### What the task asks
In the entries that follow, find the line containing "A detailed resin"; from there, copy every line exactly through the line containing "Середньозважені ціни закупівлі".

### Dataset content
= = = = =

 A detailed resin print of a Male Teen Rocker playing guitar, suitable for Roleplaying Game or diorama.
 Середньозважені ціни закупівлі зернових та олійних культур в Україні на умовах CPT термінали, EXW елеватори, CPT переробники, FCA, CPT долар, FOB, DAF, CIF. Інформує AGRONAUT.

= = = = =

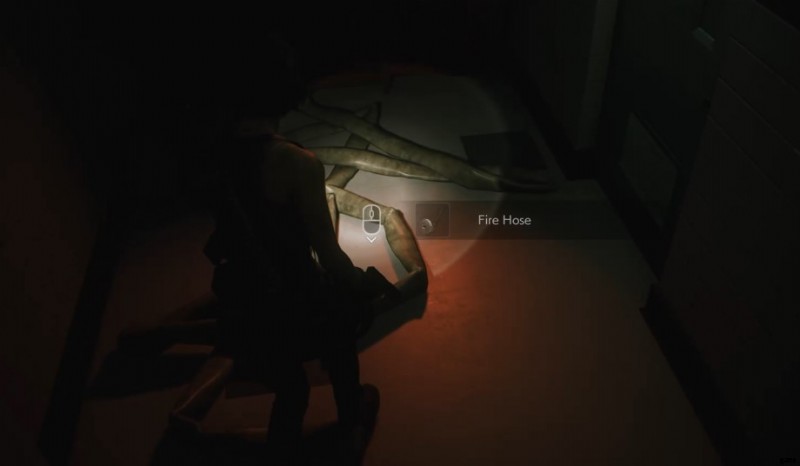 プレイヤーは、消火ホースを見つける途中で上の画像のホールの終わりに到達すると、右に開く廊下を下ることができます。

= = = = =

### Task solution
 A detailed resin print of a Male Teen Rocker playing guitar, suitable for Roleplaying Game or diorama.
 Середньозважені ціни закупівлі зернових та олійних культур в Україні на умовах CPT термінали, EXW елеватори, CPT переробники, FCA, CPT долар, FOB, DAF, CIF. Інформує AGRONAUT.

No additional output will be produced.